First approved by the FDA in 1996, tPA – also called alteplase – is used to treat ischemic strokes, which are caused when a blood clot blocks circulation within the brain. The safe use of tPA requires determining that the stroke was not caused by the rupture of a blood vessel, in which case tPA would make matters worse, and that too much time has not gone by between the onset of symptoms and tPA administration, since restoration of blood flow to tissue that has incurred too much damage may cause additional harm.
The original time limit for tPA administration was 3 hours from symptom onset, and the results of a subsequent clinical trial expanded that window to 4.5 hours in 2009. But for patients whose initial symptoms were not witnessed and who were more than 4.5 hours since they were last known to be well, tPA is not approved for use; and this restriction can affect the care of 25 to 30 percent of ischemic stroke patients arriving at hospital emergency departments. A few small studies have reported good outcomes when such patients, specifically those with so-called wake-up strokes, were administered tPA on the basis of MRI studies consistent with the early effects of ischemic stroke.
In the current study, 80 patients with imaging-confirmed ischemic stroke of unwitnessed onset, who were less than 24 hours since they were last known to be well, were enrolled at 14 centers across the U.S. Study eligibility was determined by a mismatch between two types of MR imaging studies – FLAIR, which typically only shows stroke effects on brain tissue after several hours of reduced blood flow, and diffusion-weighted imaging (DWI), a technique first applied to stroke patients at the MGH-based Athinoula A. Martinos Center for Biomedical Imaging that is extremely sensitive to changes beginning in the first minutes or hours after stroke onset.
While a DWI MR image (top) of the brain of a stroke patient clearly shows areas of the brain impacted by the stroke (brighter areas indicated by red arrow), the FLAIR image below, taken at the same time, does not reveal obvious acute ischemic damage.

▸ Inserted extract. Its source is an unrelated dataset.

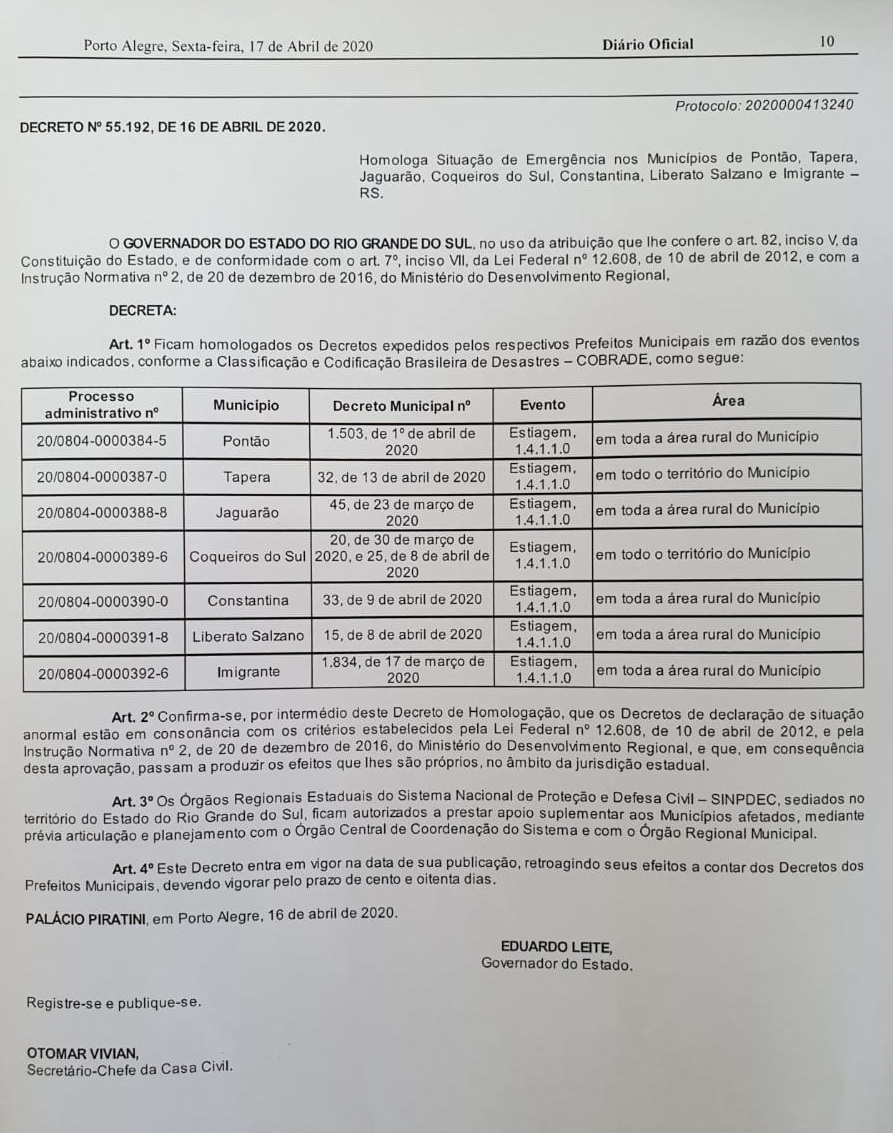 A Secretaria Municipal do Desenvolvimento, em nome da Administração Municipal informa que o Decreto 032/2020 de Situação de Emergência devido à estiagem foi homologado pelo Governo do Estado do Rio Grande do Sul, nesta sexta-feira 17 de abril, após publicação da decisão no Diário Oficial do Estado, através do Decreto Estadual no 55.192. Agora é necessário o Reconhecimento por parte do Governo Federal.

The mismatch between the two images implies the patient was imaged within 4.5 hours of symptom onset. (Ona Wu, PhD, Athinoula A. Martinos Center, Massachusetts General Hospital)
Study co-lead author Ona Wu, PhD, of the Martinos Center explains, “Brain tissue that is abnormal on DWI but not yet abnormal on FLAIR has been seen in patients that were 4 hours or less after known symptom onset. That discrepancy provides a snapshot of tissue evolution as the stroke progresses in the first few hours, and that is the pattern we used to select patients for treatment, since they were likely to be similar to patients with known symptom onset who have benefited from tPA. Essentially we used an MR Witness – the name of the trial – to identify patients who might be treated with tPA because their strokes had not progressed to the point of irreversible injury.”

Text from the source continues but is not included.